A layout should not target the exact minimum. Board fabrication, solder mask movement, routing limits, and assembly tolerances can reduce real spacing. This calculator lets you subtract tolerance from measured spacing. It also lets you add a slot or groove credit to creepage. This helps estimate the effective path after mechanical features are included.

Practical Review Method

Start with the working voltage. Pick the environment that best matches the product. Then choose the insulation type. Basic insulation may be enough for many internal barriers. Reinforced insulation is used where one stronger barrier must provide higher protection. Next, compare the measured creepage and clearance with the required values. A positive margin means the estimate passes. A negative margin means the layout needs review.

Final Compliance

This tool supports early engineering decisions. It does not replace a formal standard review. Product category, certification body rules, coating approval, test voltage, enclosure rating, and field environment can change the final requirement. Use the result as a guide. Then confirm the design with the correct safety standard and qualified reviewer.

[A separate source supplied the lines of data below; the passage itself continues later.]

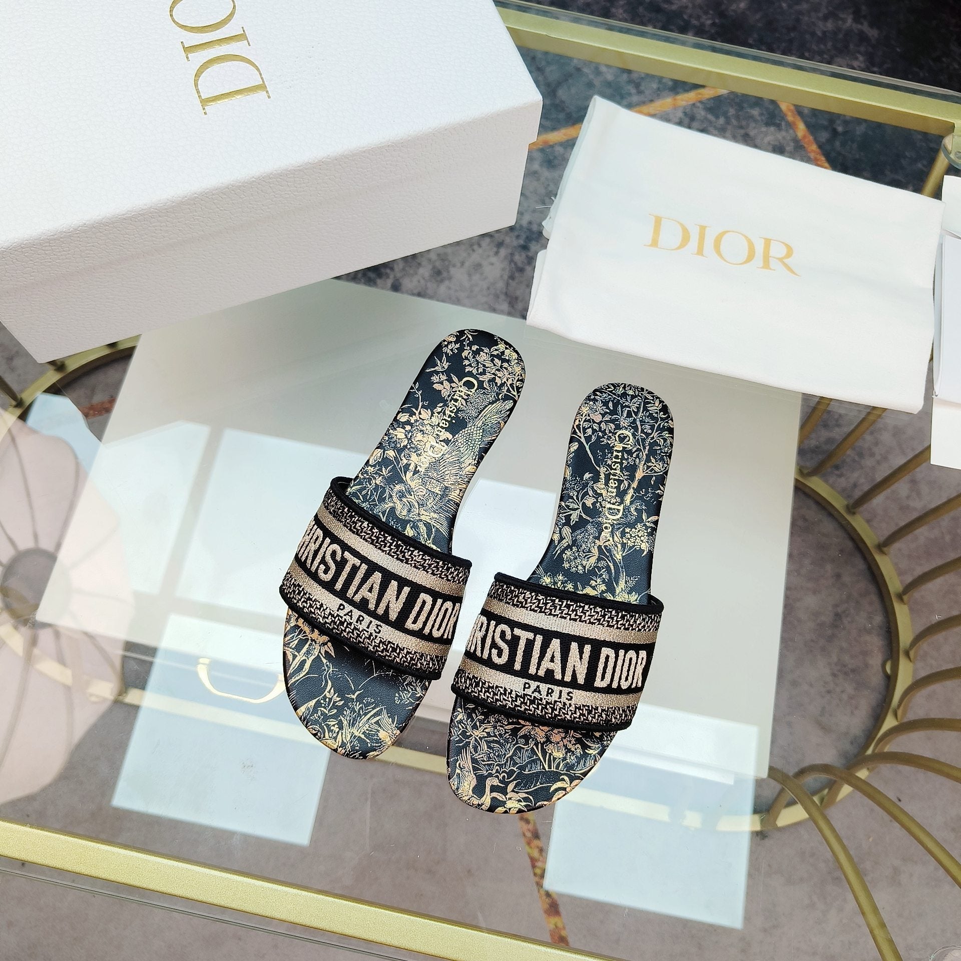 CD Dioract Slide Lambskin and Canvas 242450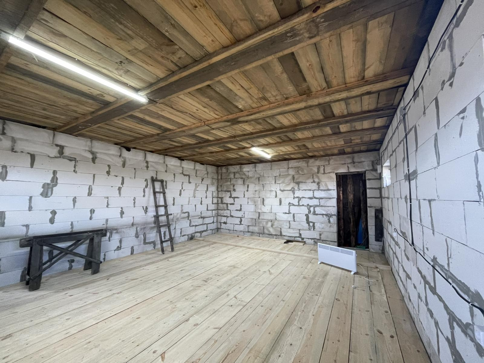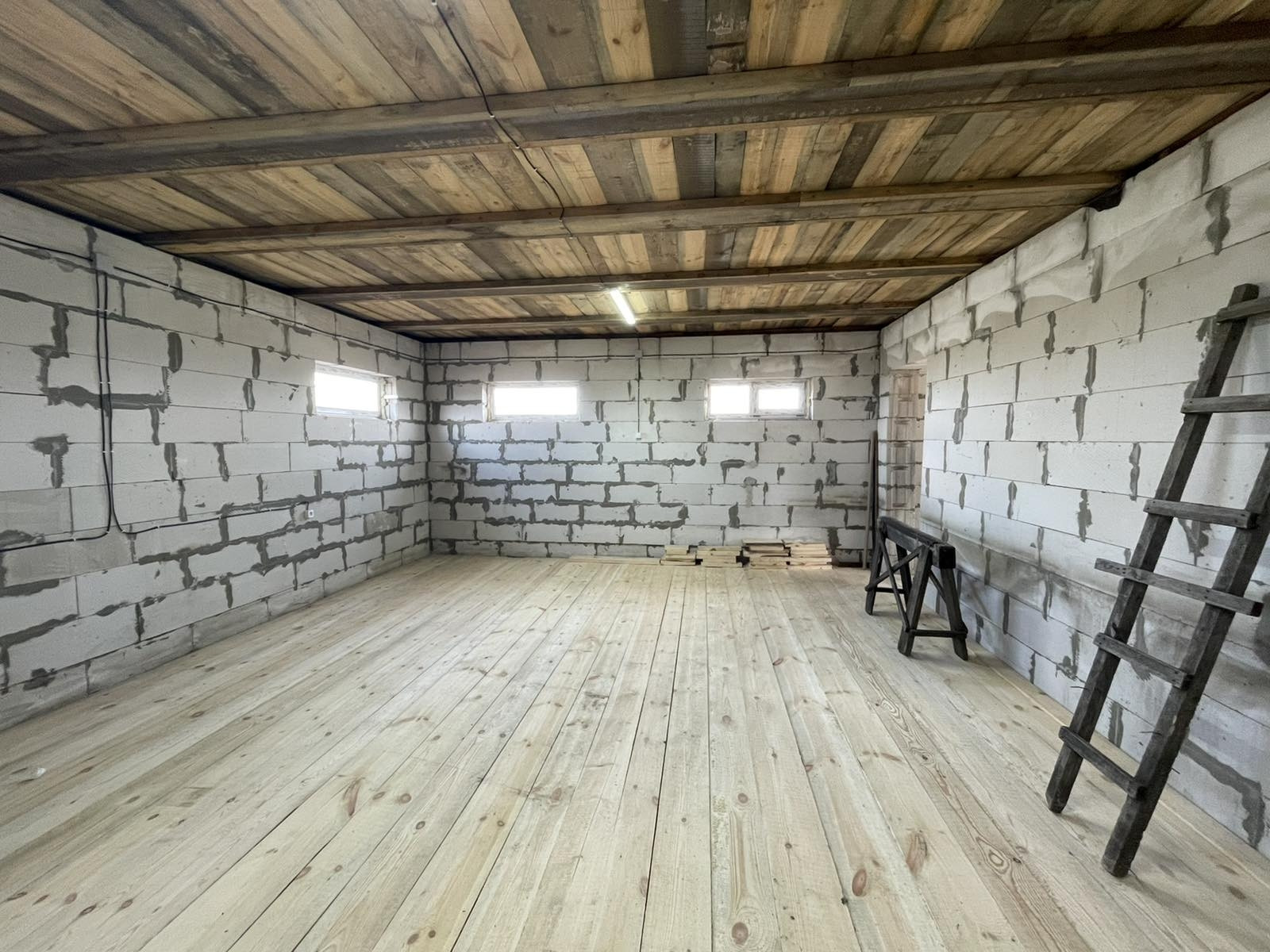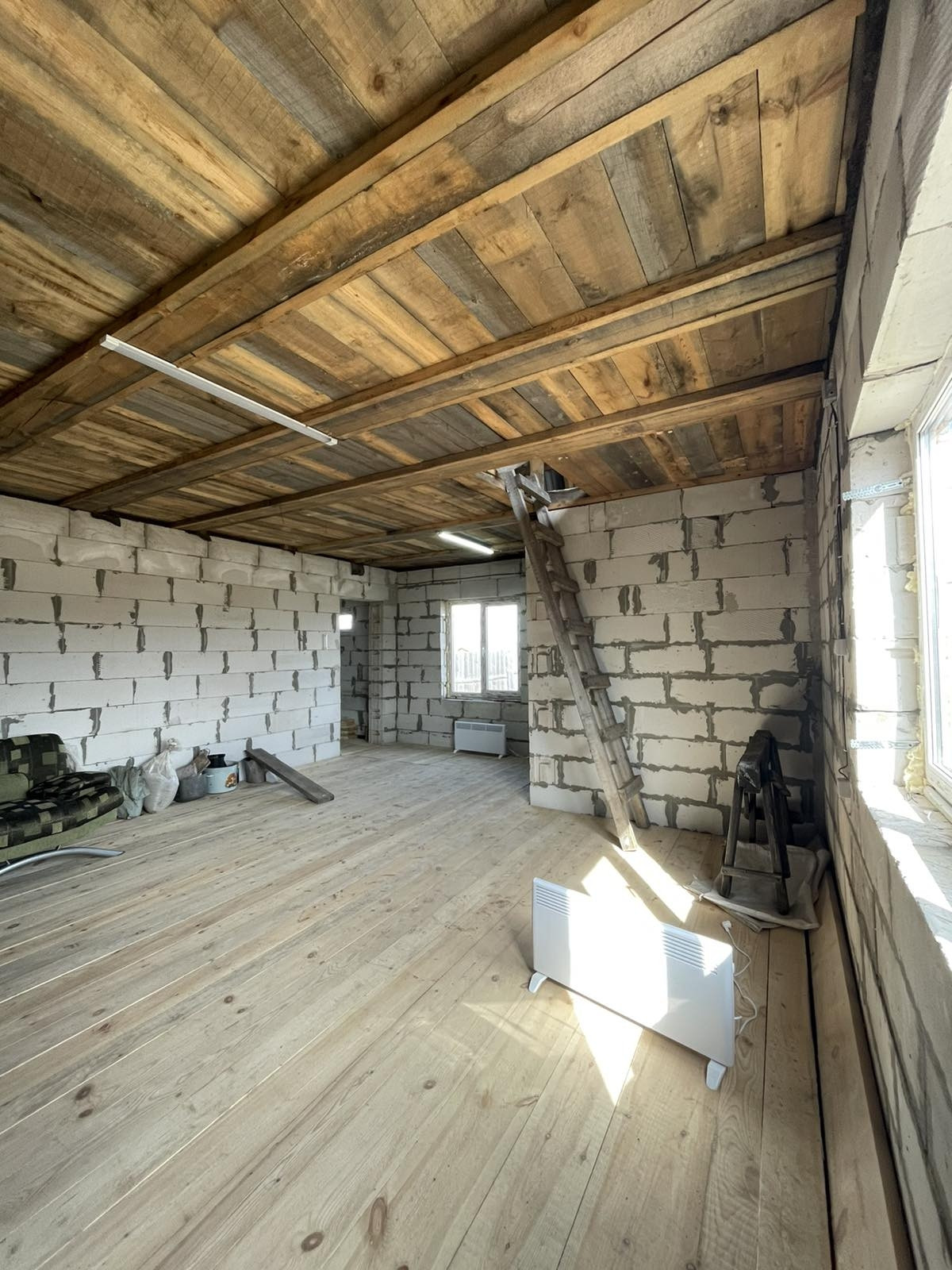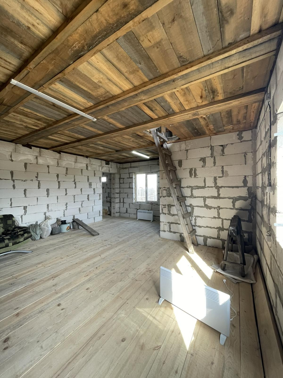 Дом в черновом варианте, на полу доска, лестницы на второй этаж нет, свет проведен. Есть второй этаж, два собственника. Гараж 4 на 12кв.м., есть вход из дома. В площадь дома по документам не входит. В доме есть большое подвальное помещение, зацементированное. В наличии пиломатериал, которого хватит на пол второго этажа, а также остается щебень и цемент!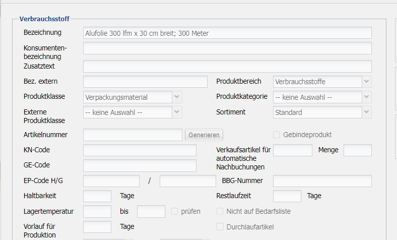 | Produktbereich | Auswahl eines Produktbereichs mittels Dropdown-Liste, in welchem Produktbereich der Verbrauchsstoff gespeichert werden soll |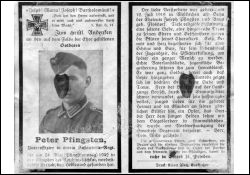 Gefallener 2. Weltkrieg; Eltern: Joseph Pfingsten u. Anna geb. Flosdorf; auf der Landzunge Kertsch schwer verwundet; beigesetzt b. Sowchose Begereow |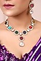 Featuring a necklace studded with uncut polki and multi-colored stones, set in brass. It is paired with a matching pair of earrings. Ideal for festive occasions or wedding ceremony.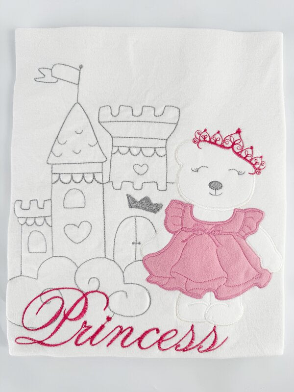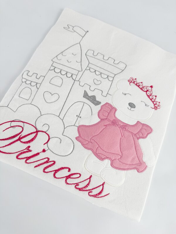 Modelul brodat cu o printesa adauga un plus de farmec, fiind perfect atat pentru camera bebelusului, cat si pentru plimbari.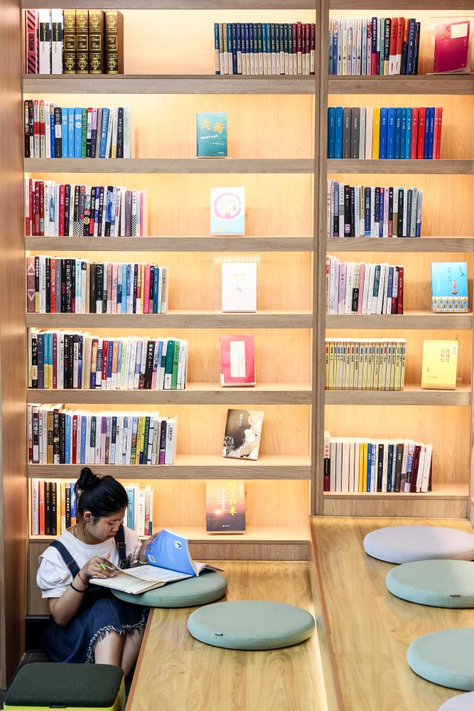 5月23日,讀者在日照市東港區(qū)城市書房櫻花園館閱讀。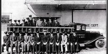 Aumsville's first firetruck and the volunteer fire fighters

Frequently Asked Questions

1. What is creepage distance?

Creepage distance is the shortest path along an insulating surface between two conductive parts. It is affected by voltage, pollution, and material tracking resistance.

2. What is clearance distance?

Clearance distance is the shortest path through air between two conductive parts. It is strongly affected by voltage, transient stress, and installation altitude.

3. Why does altitude change clearance?

Air density decreases as altitude increases. Lower air density reduces dielectric strength. Because of that, higher altitude designs often need larger air spacing.

4. Why does material group affect creepage?

Material group relates to tracking resistance. Materials with better tracking resistance can often support smaller surface distances than weaker insulating materials.

5. Can coating reduce creepage?

Some certified coatings or encapsulation systems may reduce creepage needs. The reduction must be allowed by the applicable standard and coating qualification.

6. Should I use exact minimum values?

No. Real products need margin for board tolerance, assembly shift, contamination, aging, and measurement uncertainty. A safety factor gives better design robustness.

7. What does negative margin mean?

A negative margin means the effective spacing is below the estimated requirement. Increase spacing, add slots, change materials, reduce pollution exposure, or review insulation strategy.

8. Is this calculator suitable for certification?

It is suitable for early estimates and design comparison. Final certification should use the exact standard, approved material data, and qualified safety review.